- _EXERCISE BRIEF_: Copy each record exactly and skip its pictures.

(Extracted data entries)

== Segment start ==

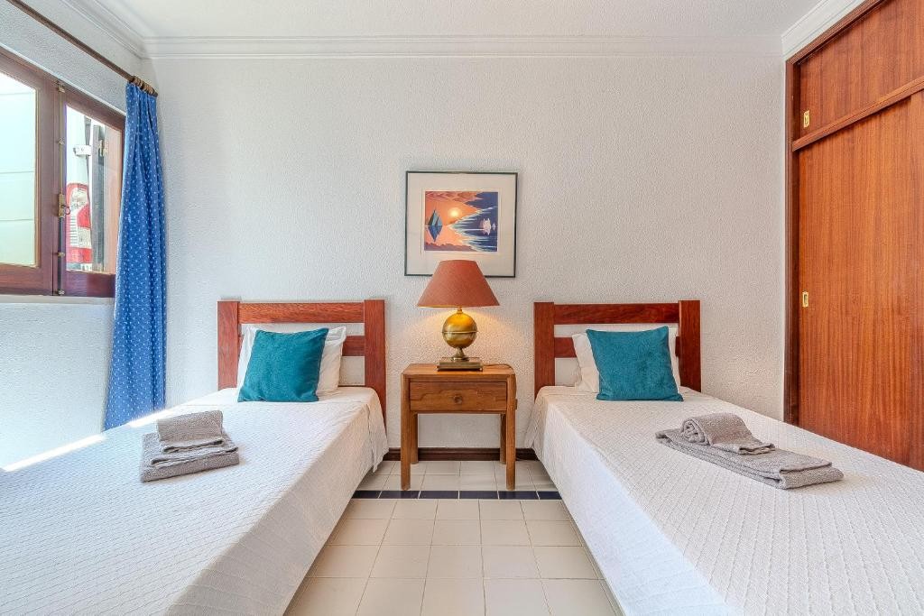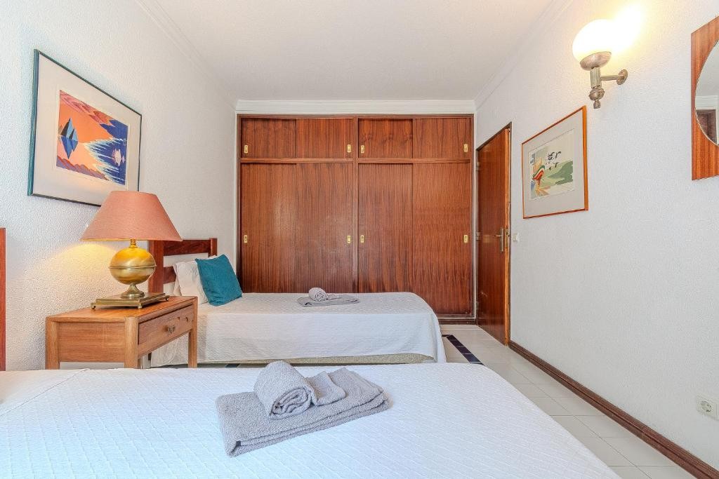Esta unidade especialmente pensados para famílias com capacidade até 4 pessoas, que necessitam de uma zona ampla e equipada com todos os serviços necessários para umas férias perfeitas em Albufeira. Este apartamento com 2 espaçosos quartos; Q1 – ensiute com camas individuais, uma casa de banho com poliban, Q2 – ensiute com cama de casal, casa de banho com banheira.
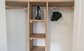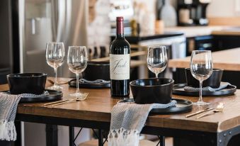 You will find a brand new stackable washer and dryer with a starter bottle of detergent and fabric softener. Each bathroom also comes with a set of H20 Therapy Shampoo, Conditioner, Body Wash, Body Lotion and bar soap.
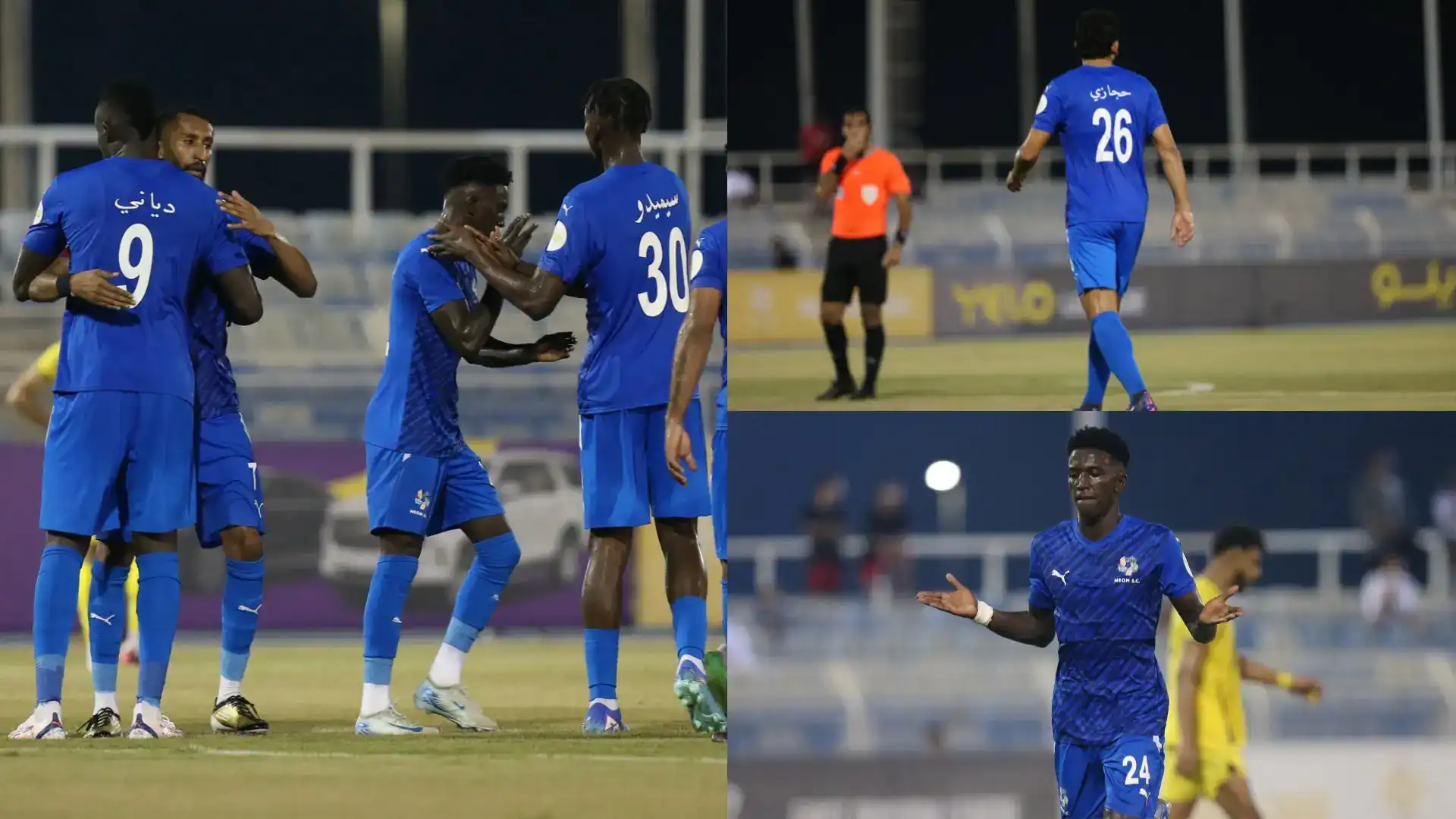 الدقيقة الـ38 طرد لاعب نيوم، محمد الدوسري، واستكمل الفريق المباراة بعشرة لاعبين
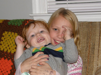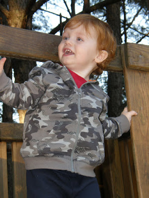 I know this looks like a cheesy posed picture but it actually isn't. After church today I was watching Thatcher and Brian pick bark off of that tree, I picked up my camera and then they turned to me! I LOVE IT though!!
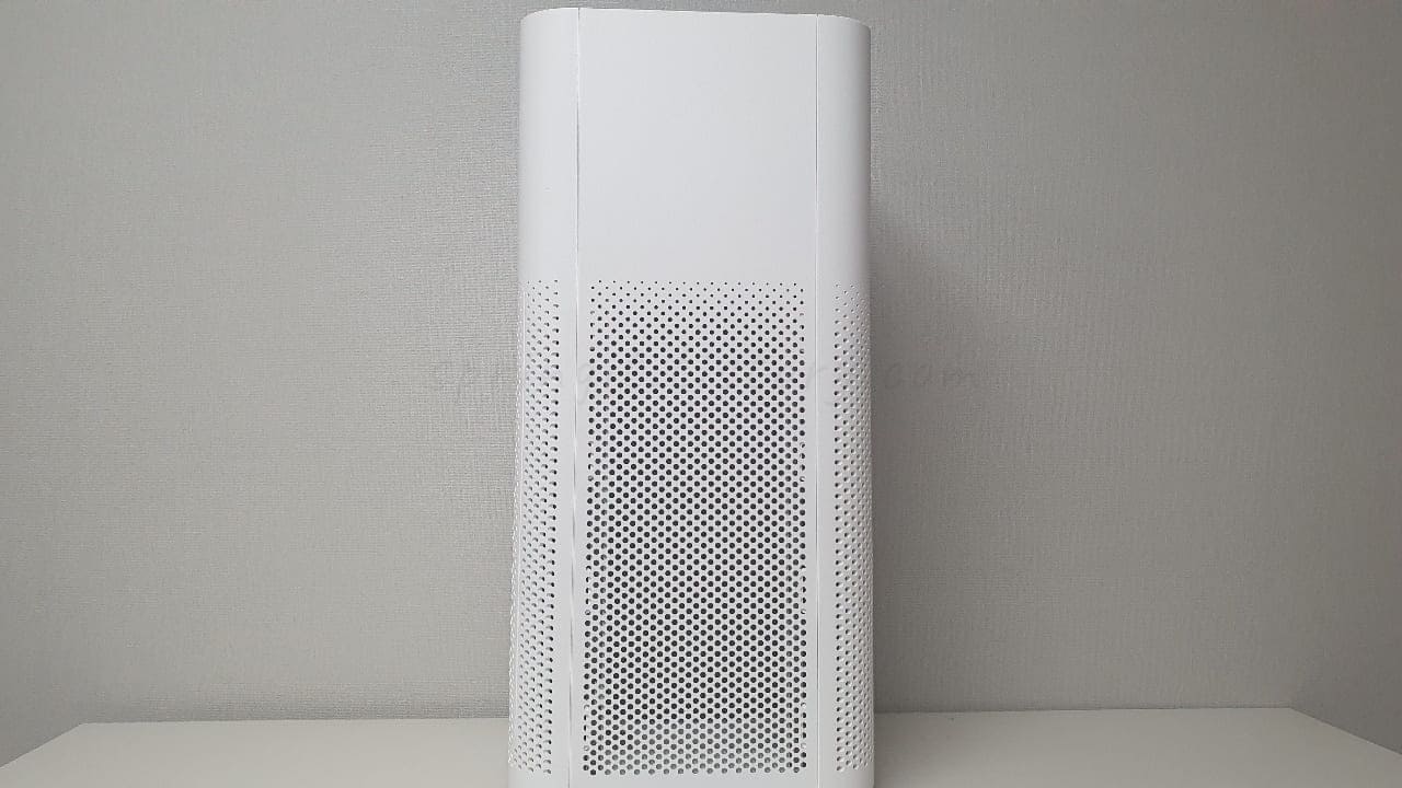 드디어 실체를 들어낸 샤오미 미에어 3H입니다. 전면부 상단에는 디스플레이 및 터치식버튼(전원모양)을 확인할 수 있었고 아래에는 그라데이션 효과가 들어간 공기청정을 위한 구멍들이 보여집니다. 디자인은 블랙&화이트 정말 깔끔하고 이쁜 것 같습니다.

== Segment end ==

- _ANSWER BOX_:
Esta unidade especialmente pensados para famílias com capacidade até 4 pessoas, que necessitam de uma zona ampla e equipada com todos os serviços necessários para umas férias perfeitas em Albufeira. Este apartamento com 2 espaçosos quartos; Q1 – ensiute com camas individuais, uma casa de banho com poliban, Q2 – ensiute com cama de casal, casa de banho com banheira.
 You will find a brand new stackable washer and dryer with a starter bottle of detergent and fabric softener. Each bathroom also comes with a set of H20 Therapy Shampoo, Conditioner, Body Wash, Body Lotion and bar soap.
 الدقيقة الـ38 طرد لاعب نيوم، محمد الدوسري، واستكمل الفريق المباراة بعشرة لاعبين
 I know this looks like a cheesy posed picture but it actually isn't. After church today I was watching Thatcher and Brian pick bark off of that tree, I picked up my camera and then they turned to me! I LOVE IT though!!
 드디어 실체를 들어낸 샤오미 미에어 3H입니다. 전면부 상단에는 디스플레이 및 터치식버튼(전원모양)을 확인할 수 있었고 아래에는 그라데이션 효과가 들어간 공기청정을 위한 구멍들이 보여집니다. 디자인은 블랙&화이트 정말 깔끔하고 이쁜 것 같습니다.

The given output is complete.